The Canadian Press, 22 May, 2018 12:04 PM
    TORONTO — Both the Progressive Conservatives and the Liberals set their sights on the NDP on Tuesday as new polls suggest the party is tied for the most support in the Ontario election.
     
     
    Premier Kathleen Wynne — whose Liberals have fallen to third place in recent polls — appeared to concede that it is not going as well as she might have hoped for her party, which has been in power for 15 years.
     
     
    "I'm not under any illusion that this is not a challenging election for us," she said during a campaign stop in Toronto.
     
     
    "I absolutely get that...It's a really, really important election for this province because it is an election about what our province is going to look like going forward."
     
     
    Two recent polls suggest that the NDP now has the most support in the election, along with the Progressive Conservatives.
     
     
    "It's pretty clear that people have decided Kathleen Wynne and the Liberals are not going to form government next time around," said NDP Leader Andrea Horwath. "On June 7 there will be a new premier in the premier's chair. The decision folks have to make at this point is: is that going to be Doug Ford or me?"
     
     
    Ford similarly framed the choice facing voters.
     
     
    "People are going to have a very clear, very clear choice," he said. "When it comes to June 7 they're either going to vote in a radical NDP...or they can vote for a Doug Ford PC government."
     
     
    The Liberals began the day by attacking what they call an "irrational" plan by the NDP to start decommissioning the Pickering Nuclear Generating Station this year.

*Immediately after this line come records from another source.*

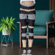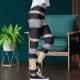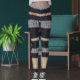Leggings Modern Black Grey Beige Knit Stripe Pattern Yoga
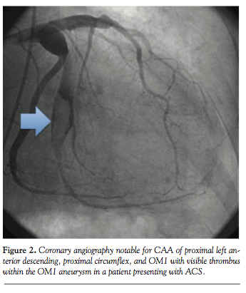 Several case reports have highlighted various medical strategies that were successful in the management of individual patients with CAA thrombosis. Myler et al described a case of successful treatment of CAA with intracoronary urokinase, IV heparin, and oral anticoagulation in a young woman with CAA secondary to presumed Kawasaki disease.16 Other authors have documented angiographic thrombus resolution and excellent clinical outcomes with the use of intravenous eptifibatide, heparin, and aspirin and discharge with long-term dual-antiplatelet therapy.17 Lima et al reported two cases of left main CAA that were treated non-surgically with warfarin and aspirin who remained well at 6-month follow-up exam.18 To date, however, no peer-reviewed or consensus document addressing the acute or long-term medical management of CAA with ACS exists.
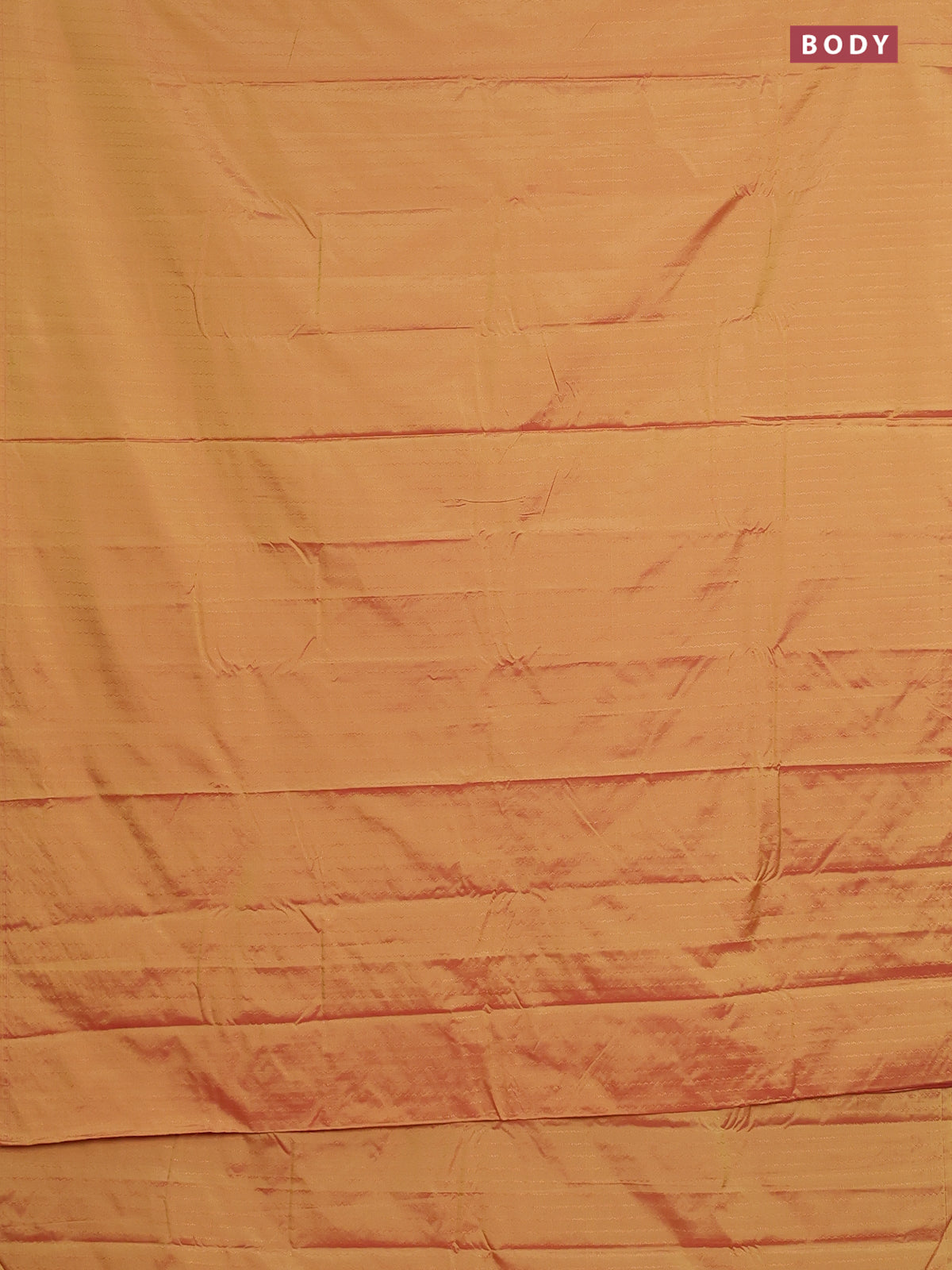 Arani semi silk saree dual shade of mustard with allover copper zari weaves in borderless style
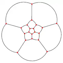 The 120-cell's edges do not form regular great circle polygons in a single central plane the way the edges of the 600-cell, 24-cell, and 16-cell do. Like the edges of the 5-cell and the 8-cell tesseract, they form zig-zag Petrie polygons instead.[lower-alpha 27] The 120-cell's Petrie polygon is a triacontagon {30} zig-zag skew polygon.[lower-alpha 29]
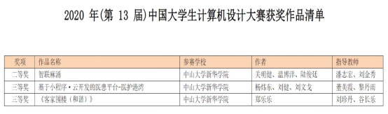 近日,2020年(第13届)中国大学生计算机设计大落下帷幕,在信息科学学学院张海老师和刘珍丹老师的组织下,我校信息科学学院学子在本次赛事中斩获佳绩。我校学子经过校赛、省赛、国赛层层角逐,与“双一流”、985、211大学等重点高校学生同台比拼,4支队伍省级竞赛中获奖、3支队伍在国赛中获奖。其中,2018级软件工程关明健团队获得国赛二等奖、杨炜东团队和郑乐乐团队获国赛三等奖,创新了我校该赛事中软件应用与开发类的最好名次。
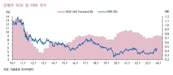 밸류업 정책 발표 이후 금융주들의 주주 친화 성향이 확 올라가면서 투자 매력이 자연스럽게 올라가게 되고 하반기 들어서 외국인과 기관 수급도 좋아졌습니다. 이제 주요 금융사들은 총주주환원율 목표치를 40~50%까지 올려 잡는 상황입니다. 전문가들은 국내 은행주 PBR이 1배를 넘었던 2010년 이후 낮은 주주환원 흐름에 계속 추락해서 2020년 0.3배까지 떨어졌던 추이를 고려한다면, 현재 밸류업 종목들의 주가 상방은 상당히 열려 있을 걸로 보고 있습니다.
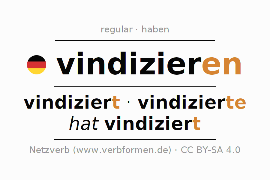 - Future: ich werde vindizieren, du wirst vindizieren, er wird vindizieren, wir werden vindizieren, ihr werdet vindizieren, sie werden vindizieren
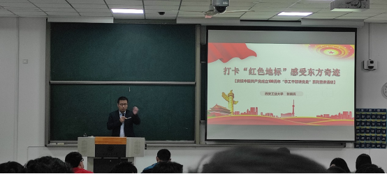 讲座伊始,张老师点出红色遗址对于感受我党的精神命脉的重大意义。随即讲解到红色地标是百年党史最鲜明的历史见证,从1921年在上海兴业路102号宣告中国共产党的成立,再到1935年在贵州遵义的生死转折,再到1949年在北京天安门庄严宣告“中华人民共和国在今天成立了”。张老师讲述红色遗址背后的故事引得同学们阵阵掌声,发人深省。最后张老师引申到学习党史的重要意义,习近平总书记强调,我们党历来重视党史学习教育,注重用党的奋斗历程和伟大成就鼓舞斗志、明确方向,用党的光荣传统和优良作风坚定信念、凝聚力量,用党的实践创造和历史经验启迪智慧、砥砺品格。本次活动至此圆满结束。
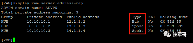 显示注册到主VAM Server的所有VAM Client的IPv4私网地址映射信息,可以看到HUB和SPOKE设备对应的隧道接口地址、公网地址、角色等信息。
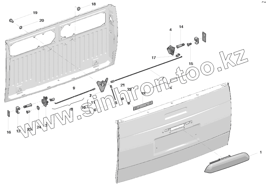 Каталог запасных частей к технике: УАЗ Патриот ПИКАП. Ручка и замок борта заднего
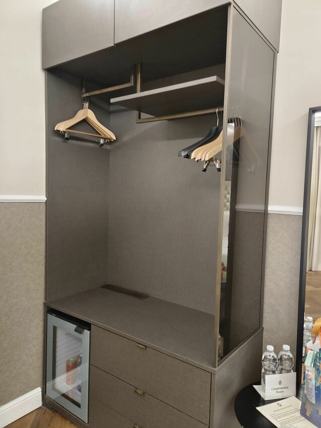 開放式衣櫥和下面的透明小冰箱是一體成形,雖然沒有門,但有好幾個衣架可以掛衣服,旁邊的小茶几還被我們拿來當放戰利品的地方,剛好可以擺我們在蕾莉歐買的保養品
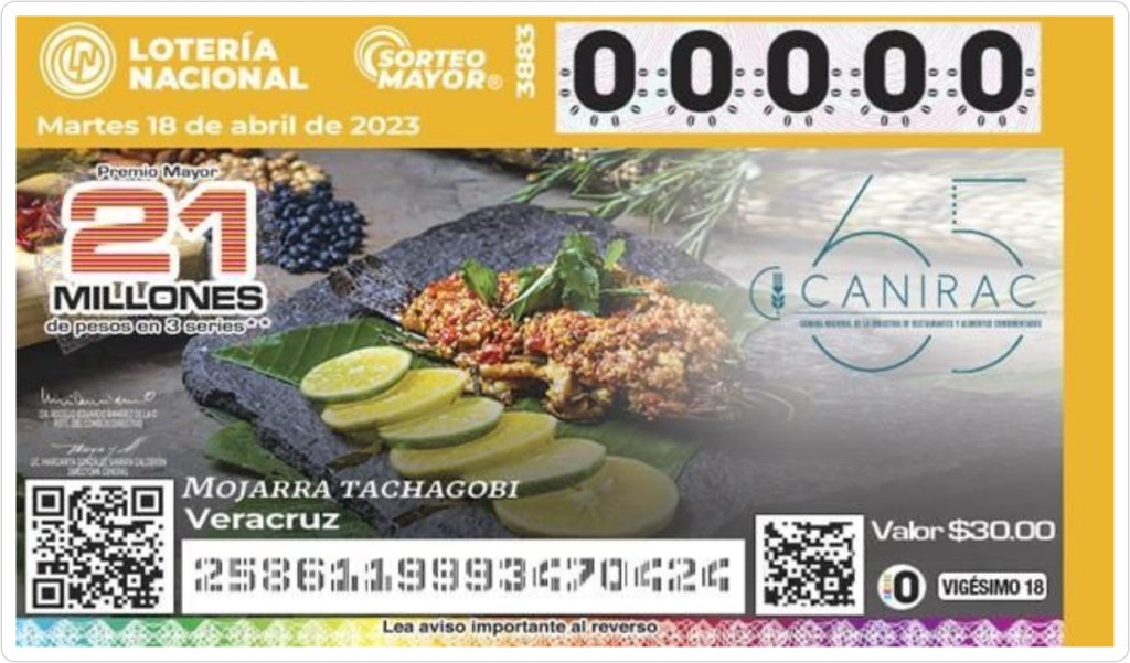 Xalapa, Ver.- Con el platillo mojarra en tachogobi de la región de Los Tuxtlas, la Lotería Nacional celebra el Sorteo Mayor número 3883 que conmemora el 65 aniversario de la Cámara Nacional de la Industria de Restaurantes y Alimentos Condimentados (CANIRAC).
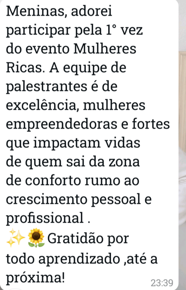 Você terá acesso a palestras e workshops com mentoras renomadas, networking com outras mulheres empreendedoras, insights que podem transformar sua carreira, além de estratégias práticas para aumentar sua presença no digital, melhorar sua autoestima, usar sua voz a seu favor e cuidar do seu bem-estar.

The long-term energy plan released by the Liberal government last year has Pickering operating until 2024, and they say shutting it down this year would put Ontario's energy supply and the production of medical isotopes at risk.
     
     
    Horwath said all parties agree the plant can't operate forever.
     
     
    "The difference is, we will begin the decommissioning process immediately, which will bring more jobs to the area — as opposed to the Liberal plan, which is to mothball that facility for 30 years and allow the next generation to figure out the decommissioning," she said. "We are listening to and paying attention to the experts that are going through that process right now on the current licence and when the closure happens we will tackle the decomissioning immediately."
     
     
    Progressive Conservative Leader Doug Ford used his main campaign event of the day to announce that a Tory government would keep Pickering open until 2024.
     
     
    The Tories also held a separate news conference with two candidates to accuse the New Democrats of having several "radical" candidates, including Sept. 11 conspiracy theorists and a woman who is against wearing a poppy on Remembrance Day.
     
     
    "Five NDP candidates...have radical and extreme views that do not reflect the people of Ontario," said long-time Tory legislator Lisa MacLeod. "I think it's important that we recognize that Andrea Horwath has, for too long, just shrugged off any transparency and accountability on some of these candidates."
     
     
    The Liberals are also continuing to hammer the NDP on their platform funding, after leader Andrea Horwath admitted over the weekend that an error would leave them with a deficit that's $1.4 billion larger than originally planned.